**Problem to solve:** Restate the listing below word for word, pictures excluded.

**Data excerpt:**
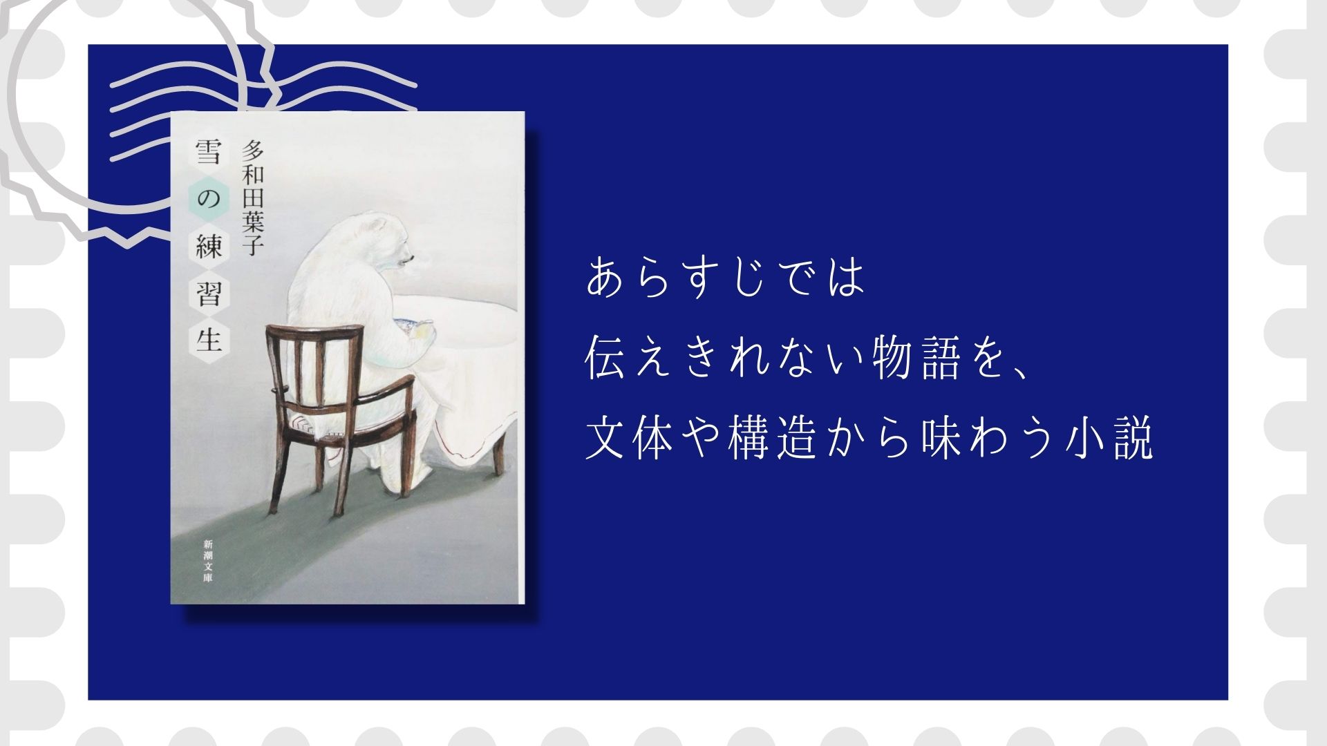 本好き芸人でnote芸人でもある、赤ノ宮翼さんによるブックセレクトコラム「今月の偏愛本 A面/B面」!B面では「今読んでほしい!」と思う本を、A面よりも自由度高めにおすすめしていただきます。 海外小説をあまり読んでいないことに気が付いた赤ノ宮翼さん。今回紹介する『雪の練習生』は、「海外小説に手を出しづらい」という方におすすめできる、海外在住の日本人作家・多和田葉子さんによる小説です。
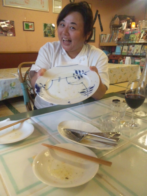 投稿日: 2010-07-29 投稿者: tarukenタルミシュラン 那覇牧志公設市場近くにあるイタリア系料理店『てだこ亭』のオーナーシェフみどりちゃん。開店11年にして3回目の入店で、おじぃ行きつけの店として、堂々の星みっつ!です。 写真を撮る間もなく、ぺろりと完食やっさあ。
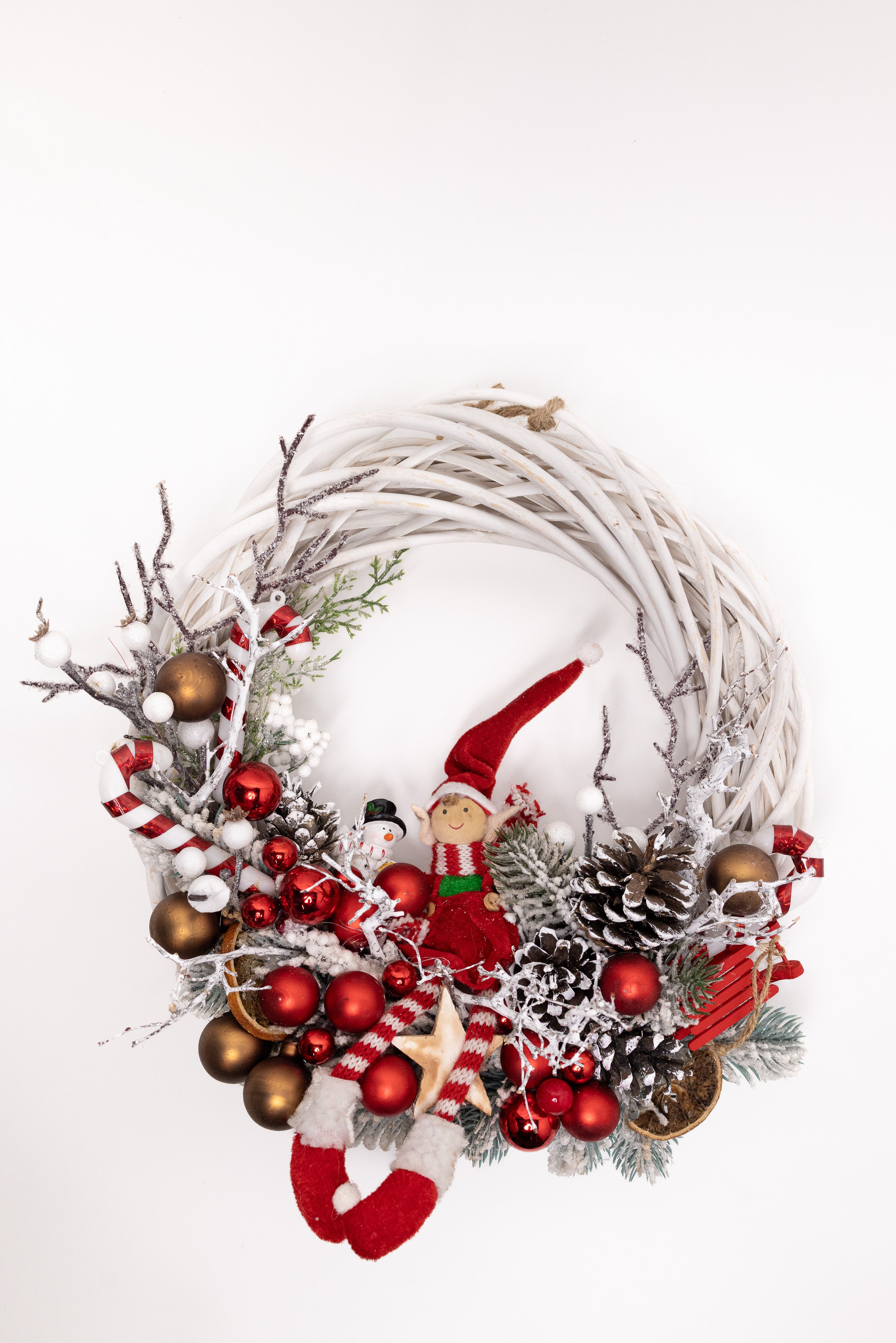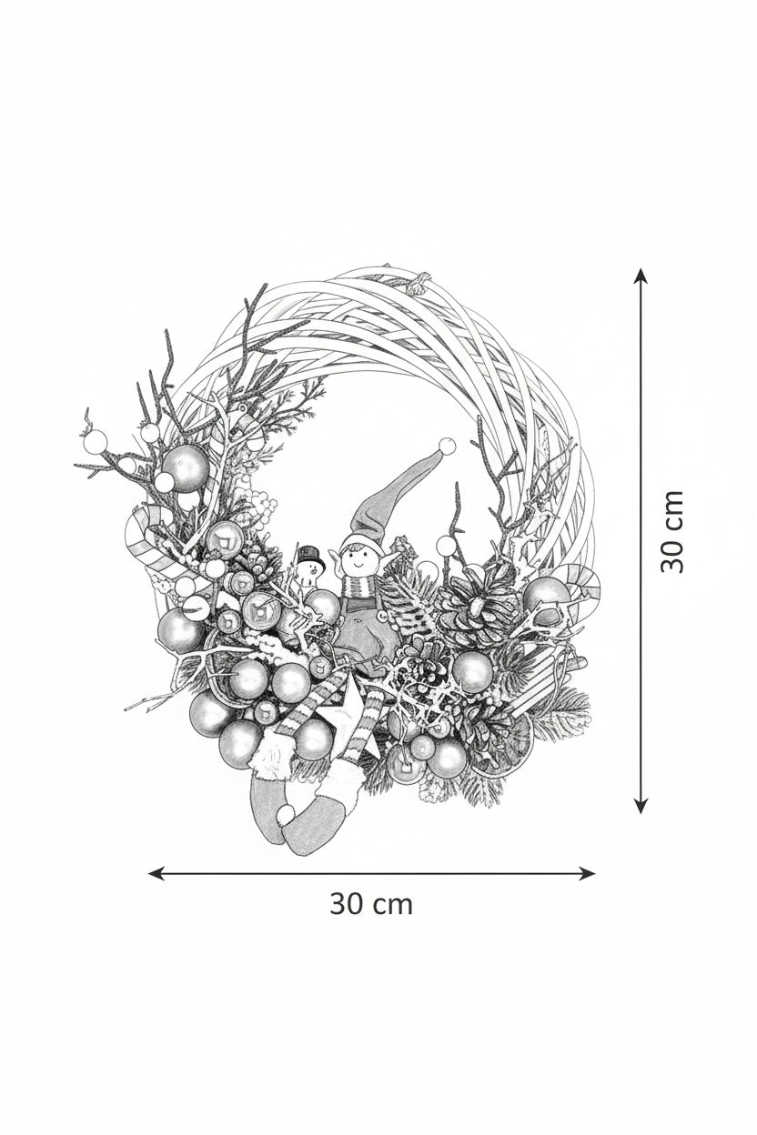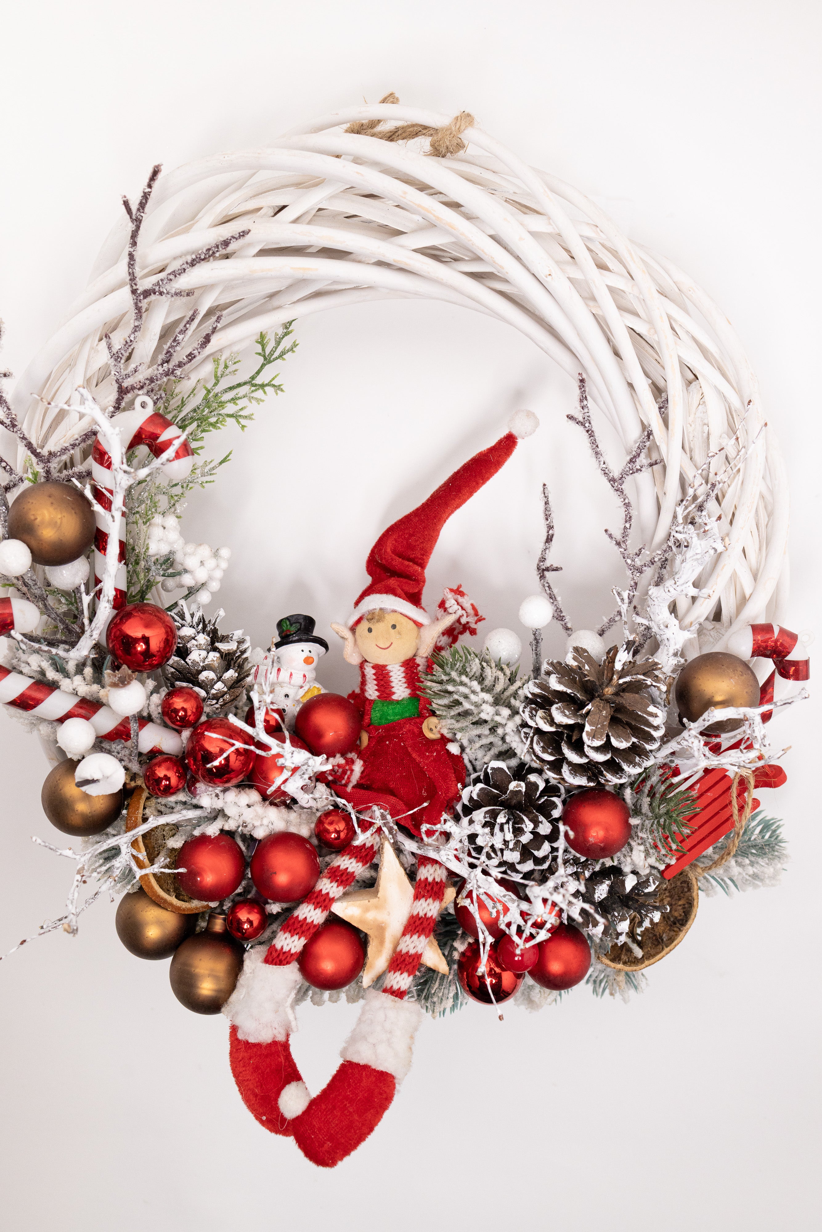 O decorațiune plină de personalitate, lucrată manual pe o structură circulară din lemn natural împletit, de culoare albă. Aranjamentul central include un elf vesel cu picioare lungi, acadele festive, globuri roșii și bronz, felii de portocală uscată și o varietate de conuri naturale ninese.

**Task result:**
 本好き芸人でnote芸人でもある、赤ノ宮翼さんによるブックセレクトコラム「今月の偏愛本 A面/B面」!B面では「今読んでほしい!」と思う本を、A面よりも自由度高めにおすすめしていただきます。 海外小説をあまり読んでいないことに気が付いた赤ノ宮翼さん。今回紹介する『雪の練習生』は、「海外小説に手を出しづらい」という方におすすめできる、海外在住の日本人作家・多和田葉子さんによる小説です。
 投稿日: 2010-07-29 投稿者: tarukenタルミシュラン 那覇牧志公設市場近くにあるイタリア系料理店『てだこ亭』のオーナーシェフみどりちゃん。開店11年にして3回目の入店で、おじぃ行きつけの店として、堂々の星みっつ!です。 写真を撮る間もなく、ぺろりと完食やっさあ。
 O decorațiune plină de personalitate, lucrată manual pe o structură circulară din lemn natural împletit, de culoare albă. Aranjamentul central include un elf vesel cu picioare lungi, acadele festive, globuri roșii și bronz, felii de portocală uscată și o varietate de conuri naturale ninese.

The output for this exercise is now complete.